Lewis Hamilton has become the seventh winner out of seven this season after overcoming an additional pit stop to win the Canadian Grand Prix.
Hamilton finally added his name to the list of 2012 race winners after a brilliant late charge which saw him pass both Fernando Alonso and Sebastian Vettel.
In a race that bubbled with tension throughout, but really came alive in the closing stages as teams' varying tyre strategies played out, Hamilton, who had passed early race leader Vettel through the first stops and then Alonso with the aid of DRS soon afterwards to ease clear in the middle stint, was brought into the pits for the second time as McLaren stuck to their plan of a two-stop strategy amid fading rear tyres.
But rather than playing the safe game and following Hamilton into the pits to all-but assure second and third places respectively, Ferrari and Red Bull threw the dice in spectacular fashion and gambled on getting both of their cars to the end of the race and thus force Hamilton to hunt them down.
The move backfired spectacularly - for pre-race championship leader Alonso in particular - with Hamilton ripping up the race track on his new set of soft tyres and passing first Vettel and then his Ferrari rival to secure his first win of 2012, his third win in five attempts in Montreal and the lead of the Drivers' Championship.
While Vettel accepted Hamilton's overtaking move on him as his cue to cut his losses and belatedly head for the pits, Ferrari bizarrely kept Alonso out and the Spaniard, with his soft tyres now firmly shot, first lost second place to the more successful one-stopping Lotus of Romain Grosjean and then the famously easy-on-its-tyres Sauber of Sergio Perez, who had started the race all the way back in 15th place.
To cap the nightmare late spiral, Vettel duly used his new tyres to overtake Alonso for fourth place on the penultimate lap to leave the Spaniard fifth having led the race just six laps earlier.
Mercedes' Nico Rosberg and Red Bull's Mark Webber had earlier made second stops and finished sixth and seventh respectively.
The race, however, ultimately belonged to Hamilton whose continuously composed performances so far this season despite a succession of McLaren pit-stop gaffes finally went rewarded five years to the day after he claimed the first of his now 18 career wins at the same circuit.
The 2008 World Champion was forced to bide his time in the opening stint as pole-sitter Vettel easily led the first lap and then steadily pulled away in characteristic fashion in the opening laps as Alonso kept a watching brief behind the McLaren.
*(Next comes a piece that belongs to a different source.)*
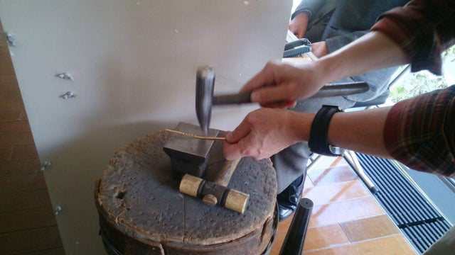 真鍮の板を切り抜いてから、丸みをつける加工をしています。

But as they approached the first round of stops, Hamilton and Alonso moved back in on the Red Bull whose supersoft tyres appeared to go off quicker and Vettel duly initiated the first round of stops for the leaders on lap 16.
But while an extra swift lap from Hamilton proved enough for him to pit and rejoin ahead of the World Champion, Alonso managed to eek out a further lap on the supersofts and duly jumped both of them - although his stay at the front was brief as Hamilton used DRS to breeze past on the backstraight.
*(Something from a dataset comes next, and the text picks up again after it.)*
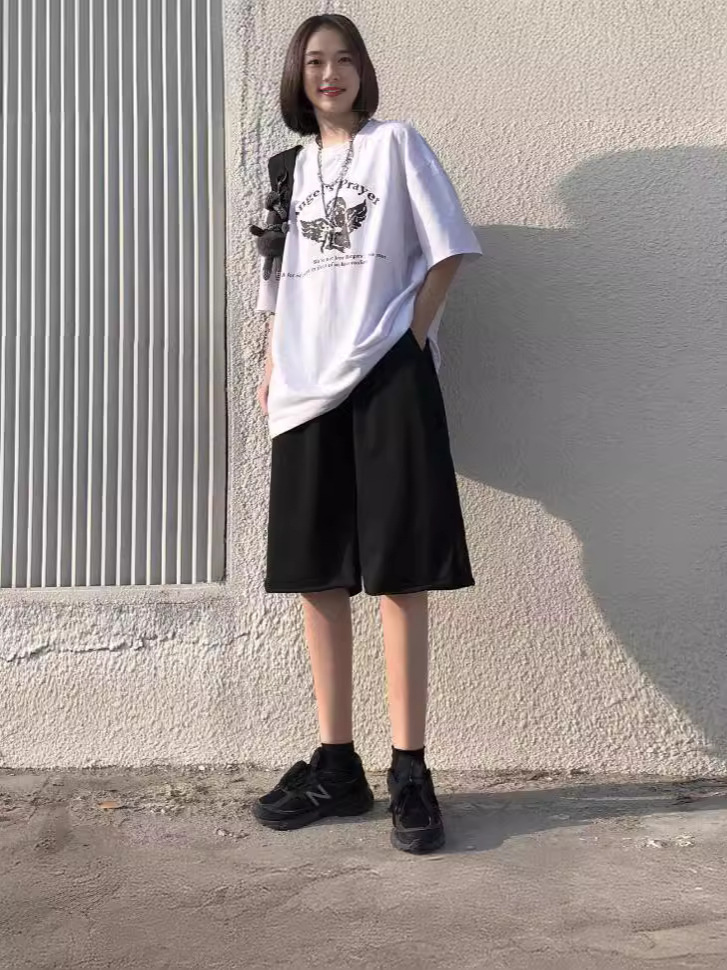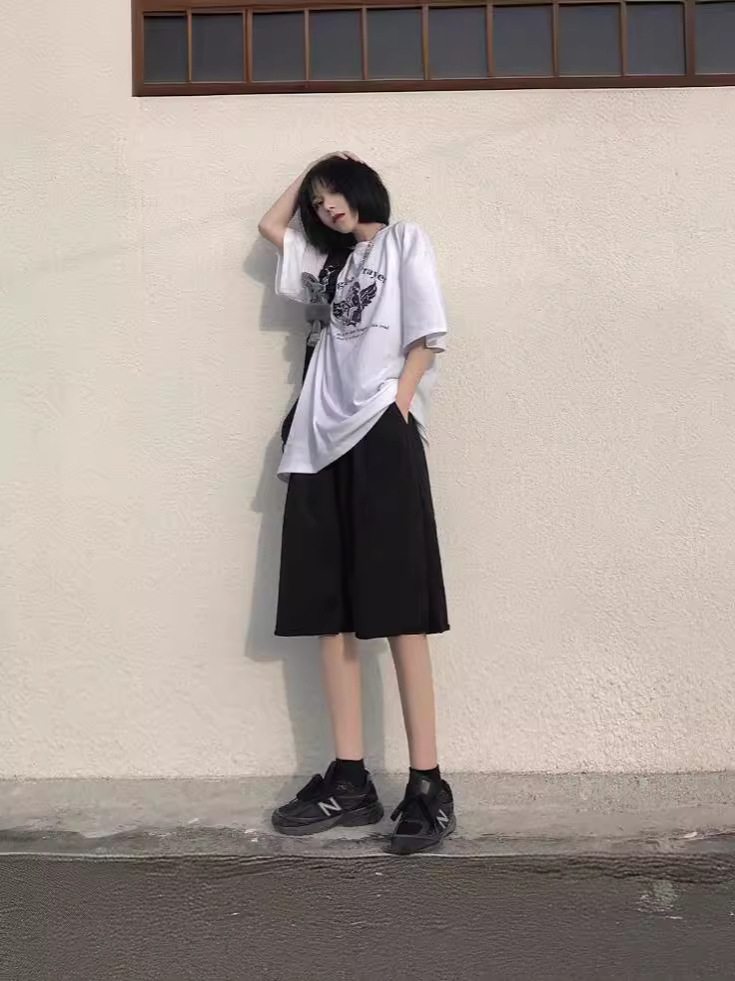 新款夏季韩版ins裤子潮宽松直筒阔腿裤五分短裤高腰休闲裤女

From there the race, at the very front at least, appeared cut and dried as Hamilton opened up a four-second lead over his two rivals, however there was one unexpected intriguing twist.
But McLaren, who had started to suffer the first signs of tyre degradation, brought their car in for second time with 20 laps to go on lap 50 - a stop which again featured the now standard wheel gun problem, although this time on the rear right - Ferrari and Red Bull, perhaps seeing that runners behind were going for a two-stop, went for broke with now known consequences for Alonso and Vettel.
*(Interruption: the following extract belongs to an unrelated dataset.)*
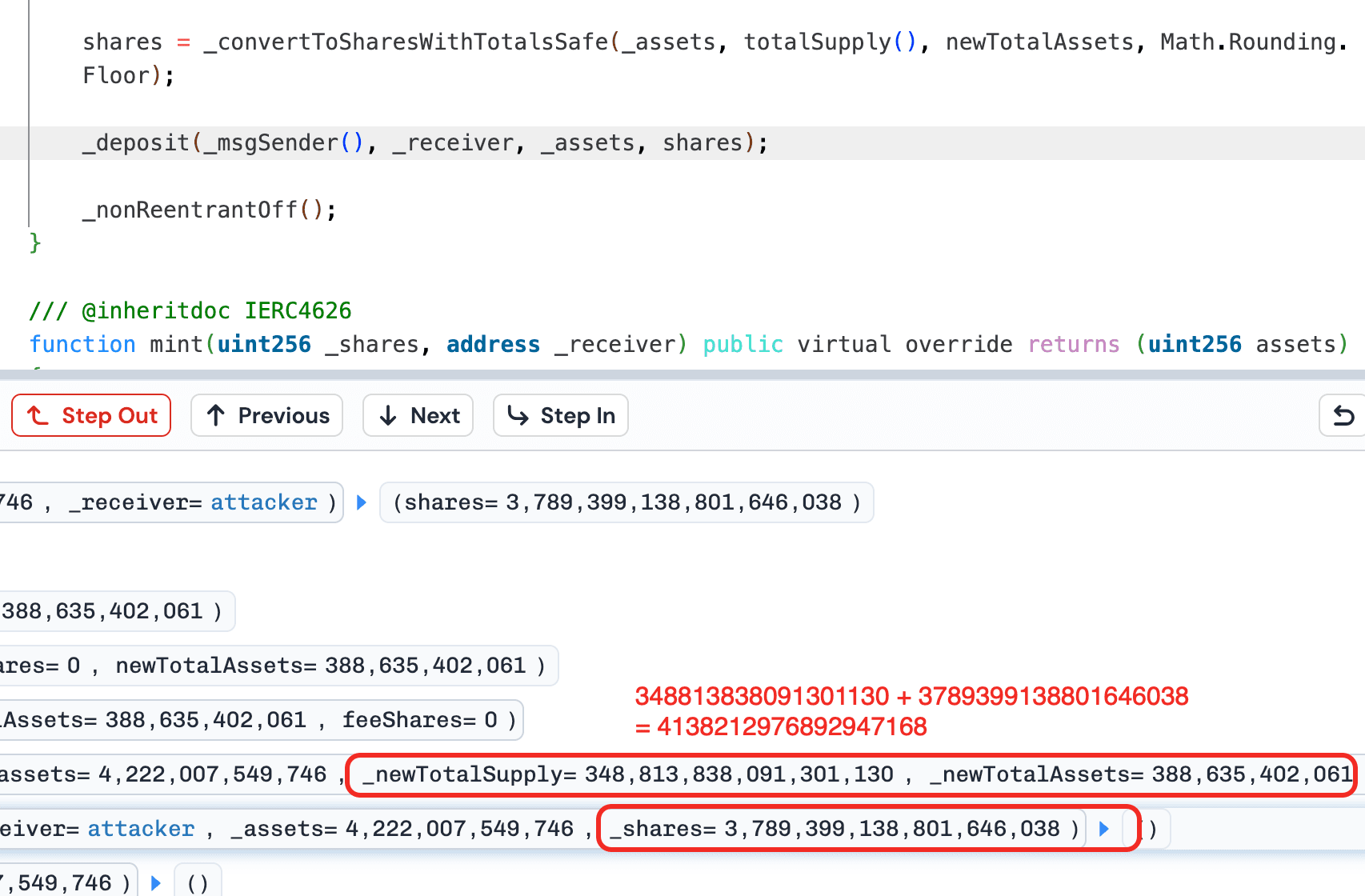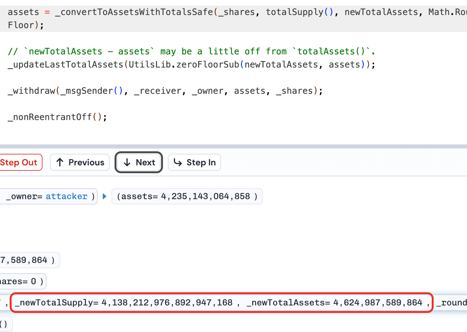The attacker then executed withdraw() and redeemed funds at the pre-promised fixed value, effectively transferring losses that should have been borne by the underlying LP position to the protocol itself, ultimately achieving zero-cost profit.

Lapping over a second quicker than the two increasingly ailing front runners, Hamilton first passed Vettel in the DRS zone on lap 62 before, after several corners sizing up his former team-mate, taking Alonso in the same place two laps later.
After showing surprisingly low-key pace throughout practice and qualifying, Grosjean's showed how a one-stop should be done with his late charge to second place, which represented the best result of the Frenchman's two-part F1 career. Perez's surge to third was even more impressive given where he started the race and again underlines both his and Sauber's superb tyre-management skills.
However, a man renowned for those kind of skills in the past, Jenson Button, endured one of the most miserable afternoons of his entire career as he came home a lowly 16th - his worst result since the dark days of Honda in 2008.
At times lapping up to two seconds slower than Hamilton in the same car, and at one point only faster than the two Marussias, the 2009 World Champion conceded afterwards that he simply struggled for outright pace on both sets of tyres. Button needs to hope this marks the low-point of his season and he and McLaren can get to grips with the problems with his car in time for the next race in Valencia to ensure a season that started so promisingly remains recoverable.
Seven-time Montreal winner Michael Schumacher, meanwhile, suffered his now standard 2012 retirement when, running out of the points in any case mid-way through the race, his DRS wing suddenly became stuck open and Mercedes had to retire his car.